Due Monday 3/25 at 8am

Section 10.2: Detecting Convergence, Estimating Limits

• To read: Reread the section.
• Be sure to understand: The statement of Theorem 2.

E-mail Subject Line: Math 104 Your Name 3/25

Reading Questions:

Suppose that 0 < f(x) < g(x).
1. If int(f(x), x=1. .infty) diverges, what can you conclude about int( g(x), x=1. . infty)?
2. If int(g(x), x=1. .infty) diverges, what can you conclude about int( f(x), x=1. . infty)?

Reminders:

• Bring remaining questions on PS 7 to class Monday.
• If you still have questions after class, Rachel is available at 7:30 Monday evening to help you. e-mail her at rzeigowe before 5.
• As always, remember the bureacracy regarding group problem sets: switch authors, note the author, photocopy.
• Don't forget the deadline for receiving full credit on the antidifferentiation exam is 4pm on Tuesday. The deadline for getting 80% on it is Monday April 1st!
• Plan on having the calculations involved in solving your client's problem done by Monday morning at the absolute latest, and on bringing a rough draft to me Tuesday or Wednesday.

Due Wednesday 3/27 at 8am

Section 10.4: l'Hopital's Rule: Comparing Rates

• To read: All, but you may skip the section on Fine Print: Pointers Toward a Proof. We'll talk about a different justification during class.
• Be sure to understand: The statement of Theorem 3, l'Hopital's Rule.

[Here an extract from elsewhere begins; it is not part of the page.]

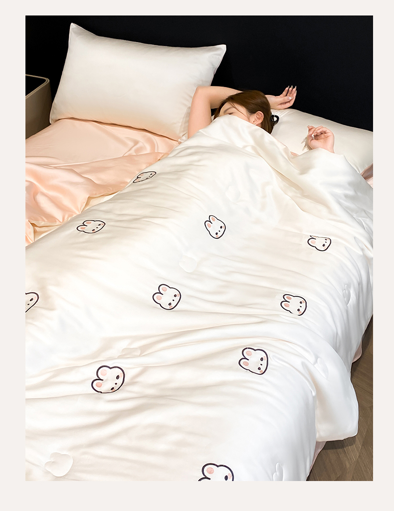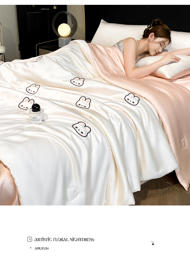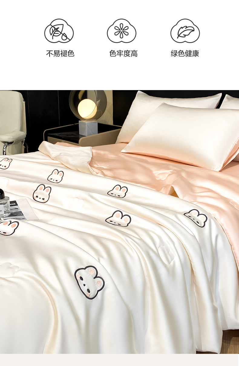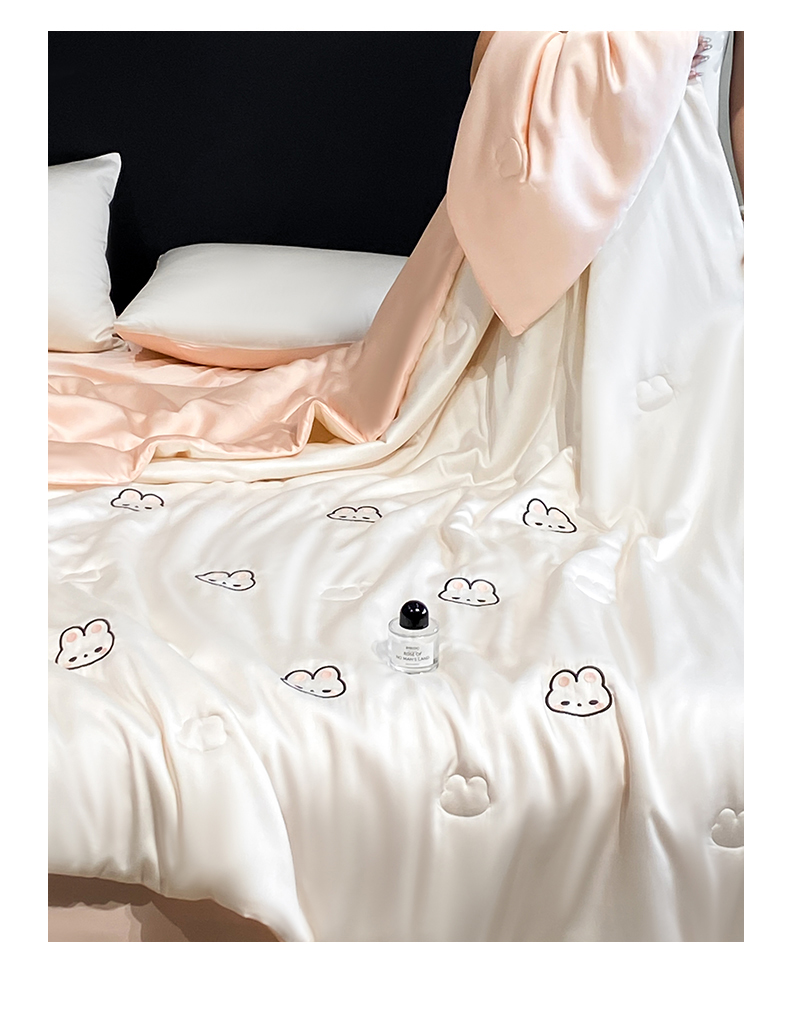 • 91家纺网 家纺一手货源 找家纺 无界 2026新款水洗真丝夏被-散点-贝尔 贝尔 元气白桃+半熟蜜桃(兔子)

E-mail Subject Line: Math 104 Your Name 3/27

Reading Questions:

1. Does l'Hopital's Rule apply to lim_{(x -> infty)} x² / e^x ? Why or why not?
2. Does l'Hopital's Rule apply to lim_{(x -> infty)} x² / sin(x) ? Why or why not?

Reminders:

• Look at PS 8.
• Exam 2 is next Tuesday. Make a study plan, and again allow at least 8 hours (even if it turned out you didn't need that long last time -- the material just keeps getting more complicated!).
• The rough draft of your project should be well underway by Wednesday.

Friday 3/29 at 8am

Section 10.4: l'Hopital's Rule: Comparing Rates

No Reading Questions today (unless you never did the reading questions for Wednesday, in which case you should send those on in for half credit!)

Reminder:

• The time and day of the help session has been changed to Sunday at 6:30pm.
• If you missed the deadline for full credit on the antidifferentiation exam, you have until Monday (April Fools) to at least get 80% on it.
• Remember to make the time to come to my office hours!
• Project 2 is due Friday at 3pm. Once again, I urge you to bring in a rough draft beforehand, and to have a friend who is not in this class (and preferably, who is not familiar with Calc 2) read through your letter to see whether they can understand the situation, and whether they find your solution convincing, not confusing, and not too dry.
• Get a start on studying for that exam!